- _Work instruction_
Leaving out pictures, output exactly the lines below from the one that has "Sporty style meets" through the one that has "<시기리야 가는길: 구글 지도 사용>", and nothing else.

- _Records for this task_
::::

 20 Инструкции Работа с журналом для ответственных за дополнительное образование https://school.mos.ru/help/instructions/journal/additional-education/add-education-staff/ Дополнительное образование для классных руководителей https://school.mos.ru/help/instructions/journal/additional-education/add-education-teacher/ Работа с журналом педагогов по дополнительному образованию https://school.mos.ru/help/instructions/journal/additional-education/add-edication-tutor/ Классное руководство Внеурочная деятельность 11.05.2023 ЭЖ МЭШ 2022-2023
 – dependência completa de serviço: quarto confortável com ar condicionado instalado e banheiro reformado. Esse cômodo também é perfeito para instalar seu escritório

::::

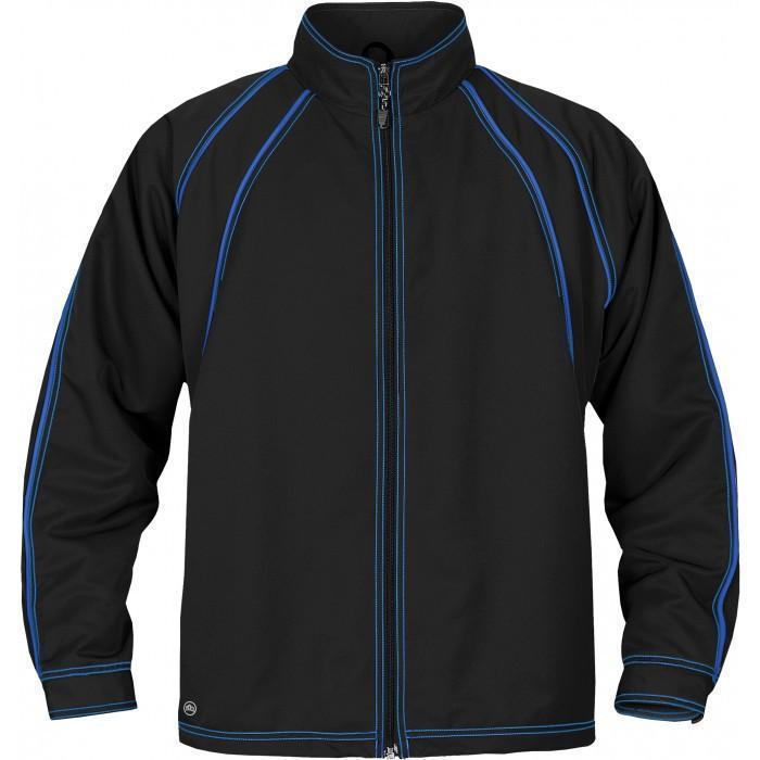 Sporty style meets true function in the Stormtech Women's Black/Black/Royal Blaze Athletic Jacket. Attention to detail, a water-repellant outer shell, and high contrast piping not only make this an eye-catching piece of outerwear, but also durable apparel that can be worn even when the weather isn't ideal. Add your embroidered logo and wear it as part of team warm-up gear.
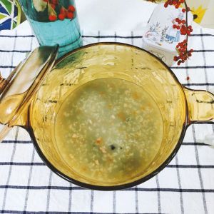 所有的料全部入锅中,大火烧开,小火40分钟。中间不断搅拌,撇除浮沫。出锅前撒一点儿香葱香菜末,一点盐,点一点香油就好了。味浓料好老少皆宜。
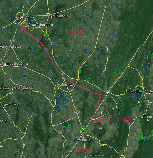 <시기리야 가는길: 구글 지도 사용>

::::

- _Your response_
 Sporty style meets true function in the Stormtech Women's Black/Black/Royal Blaze Athletic Jacket. Attention to detail, a water-repellant outer shell, and high contrast piping not only make this an eye-catching piece of outerwear, but also durable apparel that can be worn even when the weather isn't ideal. Add your embroidered logo and wear it as part of team warm-up gear.
 所有的料全部入锅中,大火烧开,小火40分钟。中间不断搅拌,撇除浮沫。出锅前撒一点儿香葱香菜末,一点盐,点一点香油就好了。味浓料好老少皆宜。
 <시기리야 가는길: 구글 지도 사용>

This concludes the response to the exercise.